“Men have become women, and women have become men,” the young woman passionately proclaimed as we stood talking in the park. More than half my age, she succinctly voiced something that I’ve felt for some time.
Our paths had literally converged as we walked on one of those sunny mornings, summer or winter, that you can easily come to take for granted in California. As strangers do on rare occasions, we started talking immediately about serious things, and the woman gave voice and vent to things she’d obviously been thinking and feeling for some time.
Though only in her mid-20’s, she already had a wealthy husband and two kids. The guy owned properties in town, including the largest fitness center. Her kids weren’t with her, and she was apparently trying to sort some things out. She struck me as an artist that sold out young and was unhappy about her choices.
“There’s not only a big gap between men and women these days,” she went on with striking honesty and clarity, “but between younger and older women.”
With little prompting, she explained: “My friends and I feel that a lot of older women are jealous of us, not just because we’re young, but because we have husbands and seem better adapted and happier.”
Not wanting to make it personal, I didn’t ask the obvious personal question, but solicited her views about men. Perhaps because I was an older guy that didn’t show interest in her sexually, she felt she could unburden herself.
“Men have mostly quit,” she said, echoing my view without having expressed it, “and women, being stronger emotionally, have taken charge,” adding, “but it’s not working.”
You never know how much we are seeing things as they are, and how much we’re viewing them through the prism of our personal lives. But she spoke in a matter-of-fact way, with flashes of passion convincingly popping through, strong feeling that added to rather than diminished from the truths she was speaking.
We were standing at a juncture in the park, with one of the paved paths leading to the footbridge, and the other continuing straight down the pedestrian road. Just then a 20-something woman and man walked up, the guy pushing a baby carriage with the obligatory dog leashed to it, and the woman walking listlessly alongside.
“Let’s go this way,” the young man said with some enthusiasm, pointing toward the bridge. Without even a second’s consideration, the woman firmly and flatly said, “No, we’ll continue straight.”
The woman I was talking with held my gaze with a sidelong smirk, waited until they passed out of earshot, and said, “See what I mean?”
I asked if she was conservative and Christian, and she said no. Then I told her how, on my last night in Russia on an ostensibly business trip the last year of the Soviet Union, six women had taken me out to dinner.
They had seen my jaw drop at the blatant male domination, often accompanied with put-downs. I’d voiced my dismay to my interpreter, a very formidable woman for whom men, uncharacteristically or characteristically in Russian culture, did exactly as they were told. (There’s always an exception to the rule, or there is no rule.)
That night in Russia provided, to say the least, a memorable conversation about men and woman, East and West.
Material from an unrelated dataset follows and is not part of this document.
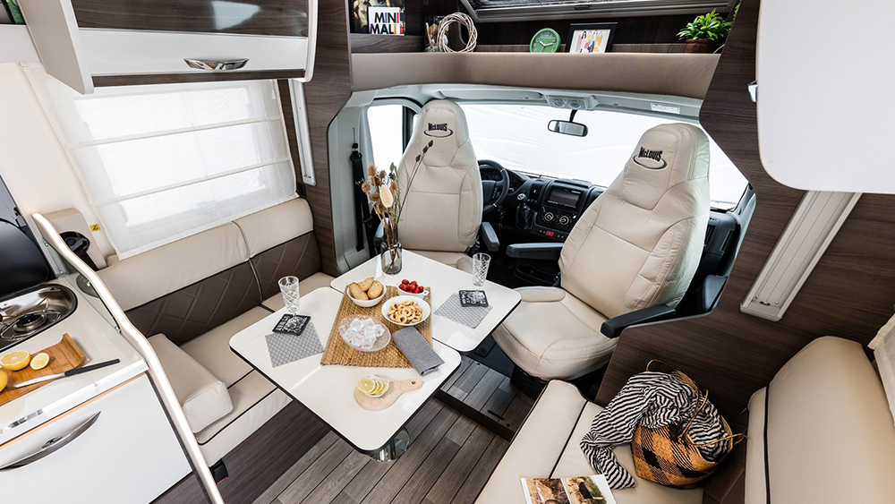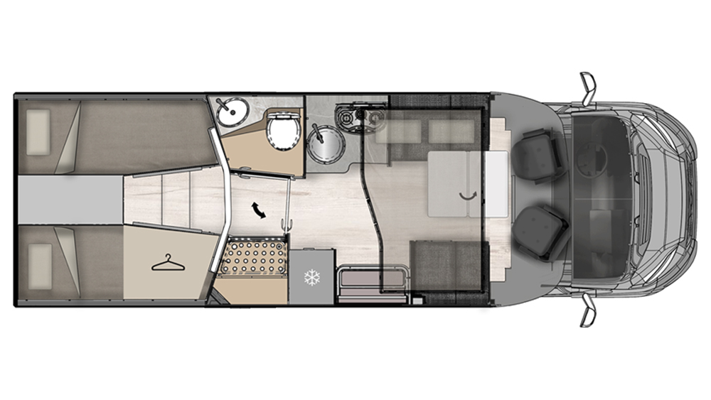 All'interno, l'ambiente accogliente è arricchito da sedili girevoli per la cabina del guidatore e del passeggero, permettendo di creare una zona conviviale attorno al tavolo dinette. I posti letto sono pensati per il massimo comfort, con letti supplementari e una disposizione flessibile per ospitare fino a 4 persone più un eventuale ospite aggiuntivo.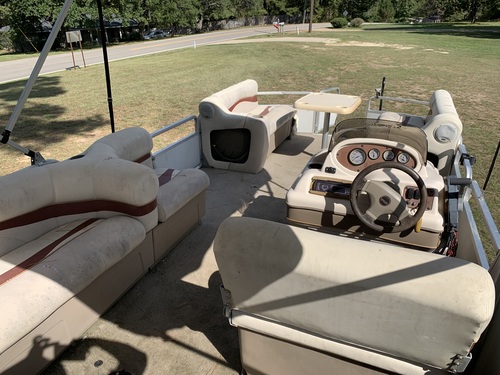2002 sun tracker 21 ft pontoon boat. Upgraded it to a 150hp Yamaha this summer. Runs good, motor was just tuned up at local marine. Aluminum bottom. Only issue with it is the gauges never got hooked back up after engine swap come with life jackets $7500 text 3one8two4five2eight75

At the end of the dinner and discussion, one of the women gave a Russian proverb: “Men go first, and if it works, women follow.”
Needless to say, that saying doesn’t go over so well with women in North America these days. Some women bridle at it; others say, with pride or pathos, “Now women are leading.”
That’s when the solitary wife and mother uttered her cutting quip that “men have become women, and women have become men.”
We concurred that men and women cannot and should not, as evangelical Christians preach in public but don’t practice in private, go back to the bad old days of male domination. We also agreed that female domination, even though it’s much more subtle, may be just as bad.
It isn’t about traditional roles, or roles at all. It’s about members of both genders feeling needed in the family and society, however we construe the new family and construct the new society.
Speaking of and hopefully to my gender, far too many guys have quit on their families, themselves and humanity. Oh many go through macho motions, but most have turned into women pleasers—not unlike how most women used to be men pleasers, only more nauseatingly.
Sometimes I’ll ask a woman if she agrees with the old anthropology canard, “Women are the culture bearers.” Most will readily agree. Then why are women keeping this dead culture going?
Perhaps it’s because men not only don’t know how but also don’t know where to go first anymore. The wilderness has been conquered, and though equal pay for equal work is still not reality in this and many countries, women can now do any job a man can do, including fight in man’s wars. A man is not even necessary to have kids.
The new, true and final frontier is within, though a man who ventures there is labeled sensitive and feminine, which is doubly ironic since so many women have become masculine and insensitive. Truth be told, it takes a lot more courage to be responsively and responsibly insightful these days than it does to kill or be killed on the battlefield.
Perhaps it will only take a few men, developing the feminine and masculine within themselves in the right balance (which varies from person to person), for women to begin to do the same. And women can also lead, without over-accentuating the masculine in them, or undervaluing it in men. But if a woman has to tell a man to ‘get his man card,’ he’ll never get it.
So men, take the risks and find and forge a way out of the wilderness of darkness that has engulfed us all. Heart and courage still have their place, and so do we, if we step up.